I want to have additional files which can be imported in preprocess.py file
but i am not able to import these directly.

My directory looks like this: screenshot

Want to import from helper_functions directory into preprocess.

I tried to add this in setup.py file but it did not work.

package_data={"pipelines.ha_forecast.helper_functions": ["*.py"]},

One thing which kind of worked was to add this folder in input like this:

inputs = [
ProcessingInput(source=f'{project_name}/{module_name}/helper_functions',
destination="/opt/ml/processing/input/code/helper_functions"),
]

But this was putting the required files in some other directory which I was not able to import anymore.

What is standard way of doing this?


Solution

  • You have to specify the source_dir. Within your script then you can import the modules as you normally do.

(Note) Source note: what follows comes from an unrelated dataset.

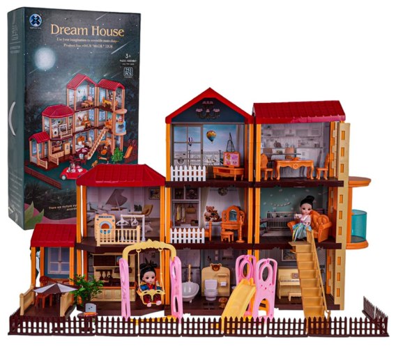 - części konstrukcyjne domku, - części konstrukcyjne płotku, - samochód, - 2 lalki, - 2 pieski, - huśtawka ogrodowa, - zjeżdżalnia ogrodowa, - parasol ogrodowy, - zestaw kuchenny z kuchenką, kranem i szafeczkami, - fortepian, - zestaw łazienkowy z ubikacją, szafeczką i rolką papieru, - wanna, - lusterko z umywalką, - stół kuchenny, - kanapa, - łóżko, - lodówka, - toaletka z lustrem, - komoda z telewizorem, - stojak na ubrania z 3 wieszakami, - pralka z otwieranymi drzwiczkami, - wieszak na ubrania, - taboret, - 2 x krzesło, - 3 x krzesło ogrodowe, - 2 x ława, - stolik okrągły, - drzewko, - 5 x lampa, - patelnia, - 2 x talerz z owocami morza, -2 x łopatka, łyżka, - instrukcja montażu. |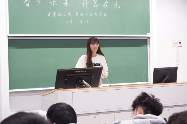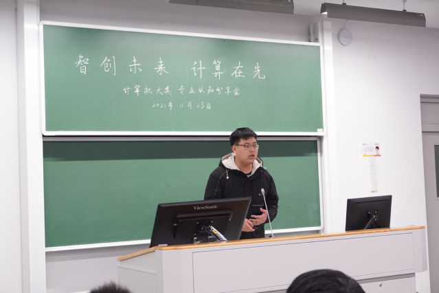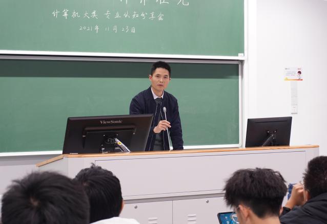 11月23日晚,2021年老司机论坛 “一类一品”大类学生工作品牌项目——“智创未来,计算在先”之专业(计算机、软件、人智)认知分享会在教一311成功举办。老司机论坛 党委副书记兼副院长裴锋老师主持了这场分享会。副院长董永强老师,资深教师代表倪庆剑老师,2021级本科生辅导员霍然老师、2020级研究生辅导员张一凡老师、殷春锁、张心睿、李春澍三位大四优秀学生代表和计算机类2021级本科学生一同参加了本场分享会。

    source_dir (str or PipelineVariable) – Path (absolute, relative or an S3 URI) to a directory with any other training source code dependencies aside from the entry point file (default: None). If source_dir is an S3 URI, it must point to a tar.gz file. Structure within this directory are preserved when training on Amazon SageMaker.

    Look at the documentation in general for Processing (you have to use FrameworkProcessor and not the specific ones like SKLearnProcessor).

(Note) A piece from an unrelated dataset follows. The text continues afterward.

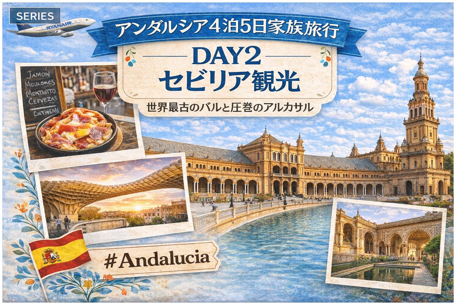 【アンダルシア4泊5日家族旅行】Day2 セビリア観光|世界最古のバルと圧巻のアルカサル

    P.S.: The answer is similar to that of the question "How to install additional packages in sagemaker pipeline".

    Within the specified folder, there must be the script (in your case preprocess.py), any other files/modules that may be needed, and also eventually the requirements.txt file.

    The structure of the folder then will be:

    BASE_DIR/
    |─ helper_functions/
    |  |─ your_utils.py
    |─ requirements.txt
    |─ preprocess.py
    

    Within your preprocess.py, you will call the scripts in a simple way with:

    from helper_functions.your_utils import your_class, your_func
    

    So, your code becomes:

    from sagemaker.processing import FrameworkProcessor
    from sagemaker.sklearn import SKLearn
    from sagemaker.workflow.steps import ProcessingStep
    from sagemaker.processing import ProcessingInput, ProcessingOutput
    
    BASE_DIR = your_script_dir_path
    
    sklearn_processor = FrameworkProcessor(
        estimator_cls=SKLearn,
        framework_version=framework_version,
        instance_type=processing_instance_type,
        instance_count=processing_instance_count,
        base_job_name=base_job_name,
        sagemaker_session=pipeline_session,
        role=role
    )
    
    step_args = sklearn_processor.run(
        inputs=[your_inputs],
        outputs=[your_outputs],
        code="preprocess.py",
        source_dir=BASE_DIR,
        arguments=[your_arguments],
    )
    
    step_process = ProcessingStep(
        name="ProcessingName",
        step_args=step_args
    )
    

    It's a good practice to keep the folders for the various steps separate for each and don't create overlaps.